▶ [Provided data]:
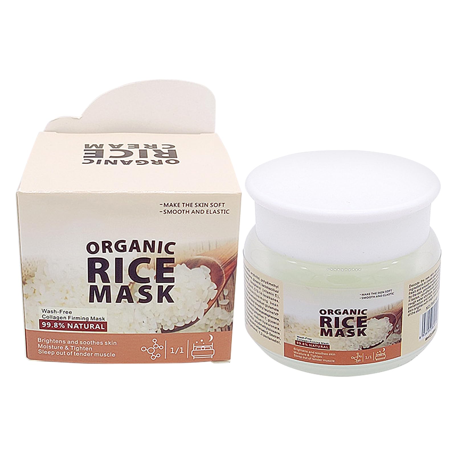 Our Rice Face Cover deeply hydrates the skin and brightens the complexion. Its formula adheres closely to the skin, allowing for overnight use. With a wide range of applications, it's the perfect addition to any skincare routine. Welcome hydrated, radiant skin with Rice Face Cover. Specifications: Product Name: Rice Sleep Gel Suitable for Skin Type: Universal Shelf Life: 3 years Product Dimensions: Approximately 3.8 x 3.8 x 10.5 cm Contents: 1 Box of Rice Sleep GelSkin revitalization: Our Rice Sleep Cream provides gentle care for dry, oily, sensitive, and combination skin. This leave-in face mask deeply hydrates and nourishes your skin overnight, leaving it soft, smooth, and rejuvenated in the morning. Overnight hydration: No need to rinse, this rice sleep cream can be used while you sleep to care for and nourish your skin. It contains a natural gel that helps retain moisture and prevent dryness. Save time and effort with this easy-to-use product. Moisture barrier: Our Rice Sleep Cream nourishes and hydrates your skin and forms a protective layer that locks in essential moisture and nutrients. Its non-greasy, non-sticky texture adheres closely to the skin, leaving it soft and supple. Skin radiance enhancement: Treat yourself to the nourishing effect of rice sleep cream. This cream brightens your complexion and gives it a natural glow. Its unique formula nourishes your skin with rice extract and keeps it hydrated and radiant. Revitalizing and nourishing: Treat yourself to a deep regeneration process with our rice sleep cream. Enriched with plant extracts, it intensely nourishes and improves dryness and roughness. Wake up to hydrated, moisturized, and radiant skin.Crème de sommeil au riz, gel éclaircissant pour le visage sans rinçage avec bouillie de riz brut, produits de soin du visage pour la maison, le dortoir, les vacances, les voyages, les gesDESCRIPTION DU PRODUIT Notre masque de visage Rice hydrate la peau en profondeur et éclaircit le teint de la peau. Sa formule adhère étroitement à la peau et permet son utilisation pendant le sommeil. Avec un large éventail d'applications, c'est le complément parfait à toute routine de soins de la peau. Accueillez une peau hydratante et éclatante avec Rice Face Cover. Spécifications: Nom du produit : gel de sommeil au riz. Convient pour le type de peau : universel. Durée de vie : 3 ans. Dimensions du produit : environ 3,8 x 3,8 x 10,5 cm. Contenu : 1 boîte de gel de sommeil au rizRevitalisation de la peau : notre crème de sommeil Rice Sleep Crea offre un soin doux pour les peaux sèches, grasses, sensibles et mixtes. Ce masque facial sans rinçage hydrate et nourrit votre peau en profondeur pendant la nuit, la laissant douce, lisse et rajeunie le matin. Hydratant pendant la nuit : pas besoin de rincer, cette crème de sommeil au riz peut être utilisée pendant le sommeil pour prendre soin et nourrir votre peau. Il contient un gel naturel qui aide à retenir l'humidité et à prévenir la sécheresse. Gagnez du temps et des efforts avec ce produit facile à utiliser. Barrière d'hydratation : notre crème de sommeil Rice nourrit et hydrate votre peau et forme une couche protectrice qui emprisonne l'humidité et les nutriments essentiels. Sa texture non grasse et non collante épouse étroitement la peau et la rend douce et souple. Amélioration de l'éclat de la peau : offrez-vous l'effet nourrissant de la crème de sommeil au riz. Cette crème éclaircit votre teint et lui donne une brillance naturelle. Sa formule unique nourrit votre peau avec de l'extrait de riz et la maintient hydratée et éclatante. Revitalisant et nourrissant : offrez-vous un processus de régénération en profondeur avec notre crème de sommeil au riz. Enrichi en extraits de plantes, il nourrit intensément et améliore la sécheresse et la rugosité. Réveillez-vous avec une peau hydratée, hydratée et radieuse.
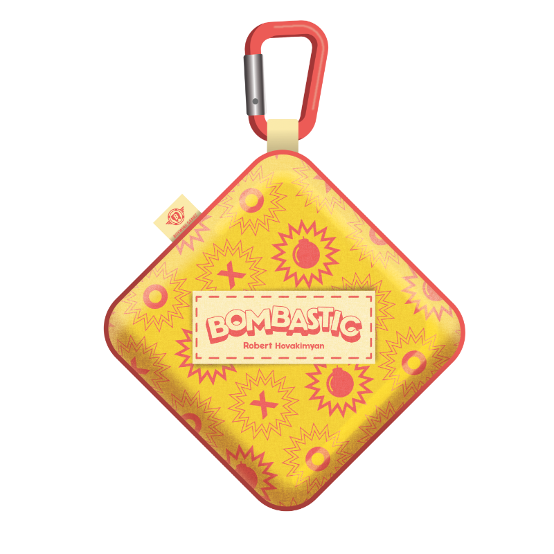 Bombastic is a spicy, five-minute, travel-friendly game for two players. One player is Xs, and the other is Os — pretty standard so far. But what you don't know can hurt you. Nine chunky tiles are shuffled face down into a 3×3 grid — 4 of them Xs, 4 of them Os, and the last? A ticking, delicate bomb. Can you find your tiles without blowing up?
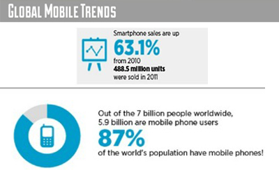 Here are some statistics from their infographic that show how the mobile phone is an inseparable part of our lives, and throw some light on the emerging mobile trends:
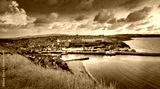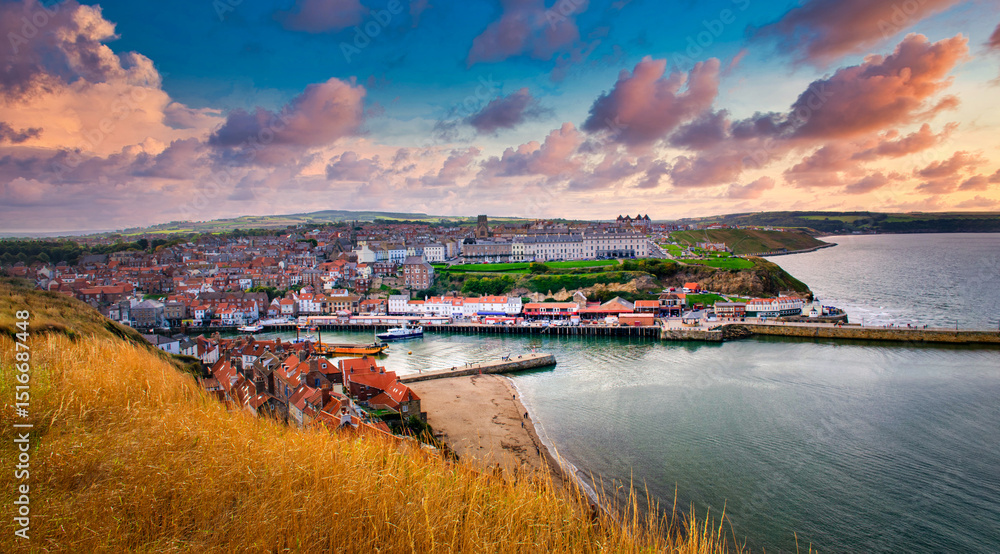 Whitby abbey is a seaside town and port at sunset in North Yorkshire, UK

▶ [The problem]: Every line from the one with "Here are some" through the last line of the listing above must be written out exactly, and no picture may appear.

▶ [Worked solution]:
 Here are some statistics from their infographic that show how the mobile phone is an inseparable part of our lives, and throw some light on the emerging mobile trends:
 Whitby abbey is a seaside town and port at sunset in North Yorkshire, UK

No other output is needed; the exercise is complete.